Overall, this study compared different clones of antibodies used in varied staining conditions and found that most of them indentified a population of CD4+CD25+Foxp3+ T cells. The staining conditions that yielded the most distinct population of putative Treg cells were achieved using the 259D/C7, PCH101, 236A/E7, and 206D antibodies. These antibodies yielded statistically higher levels of Foxp3 cells than 150D and 3G3 antibodies. Notably, the PCH101 clone from eBioscience revealed distinct populations of Treg cells but required analysis using gates set on “non-Treg” populations rather than isotype controls.

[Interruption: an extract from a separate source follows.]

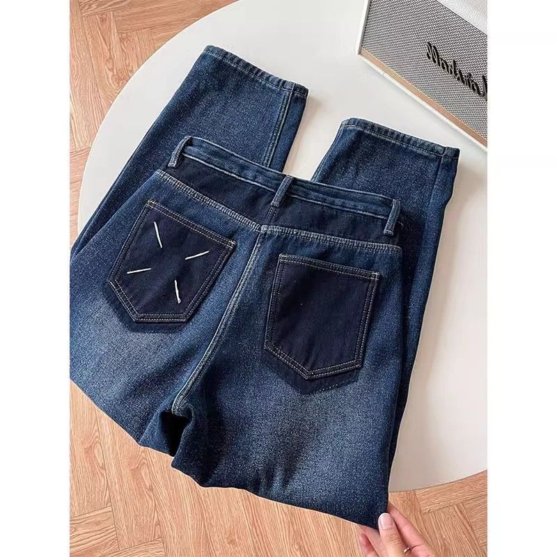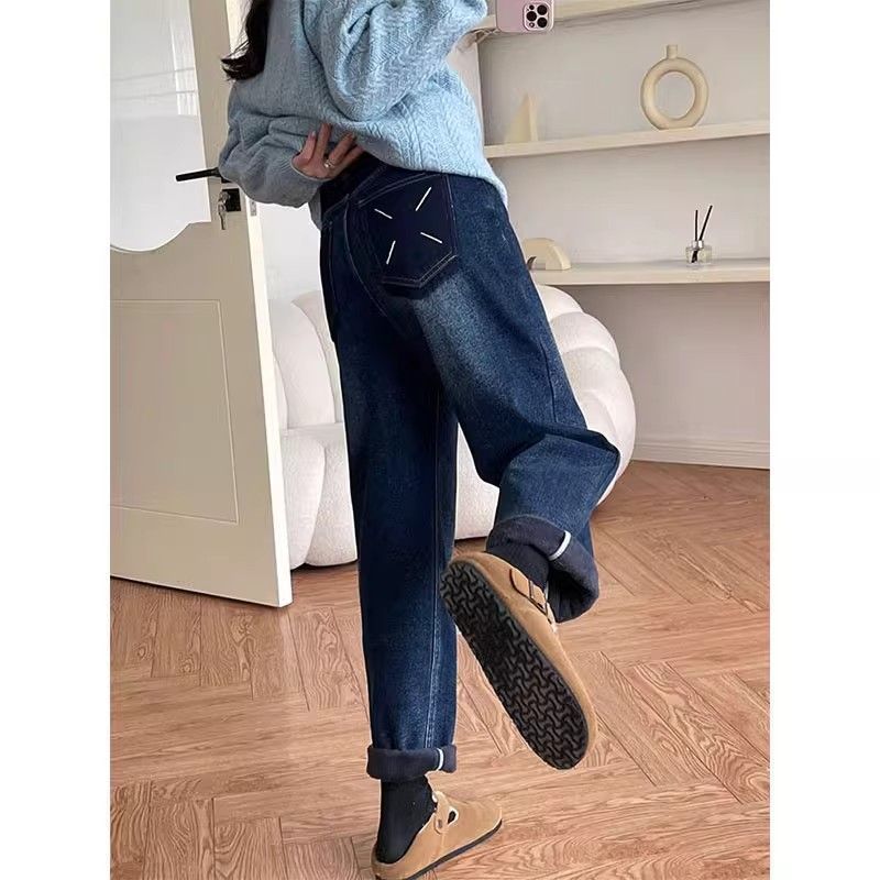 加绒加厚牛仔裤女秋冬季新款梨形身材大码高腰显瘦宽松复古哈伦裤

Experiments using fresh versus frozen cells yielded slightly different Foxp3 staining, with clone PCH101 staining more Foxp3+ events within the CD25+Foxp3+ gate when used to stain frozen cells compared to fresh cells, while clone 3G3 showing the opposite trend. Better separation of the Foxp3+ versus Foxp3- populations was observed when fresh cells were used with the PCH101 clone and when frozen cells were used with the 259D/C7 clone. These observations raise the potential that the freeze/thawing process affects the epitope recognized by these clones. The choice of fluorochromes also influenced the quality of Foxp3 staining. Antibodies coupled to the Alexa647 or PE fluorochromes allowed clearer separation of Foxp3+ and Foxp3- populations compared to antibodies coupled to FITC or Alexa488. This study provides a useful starting point for the generation of Foxp3 staining panels for identification of Treg cells in human samples, highlighting the need to consider the antibody source, fluorochrome, and staining buffer to achieve optimal results.
This work was supported by NIH grant HL083388-01.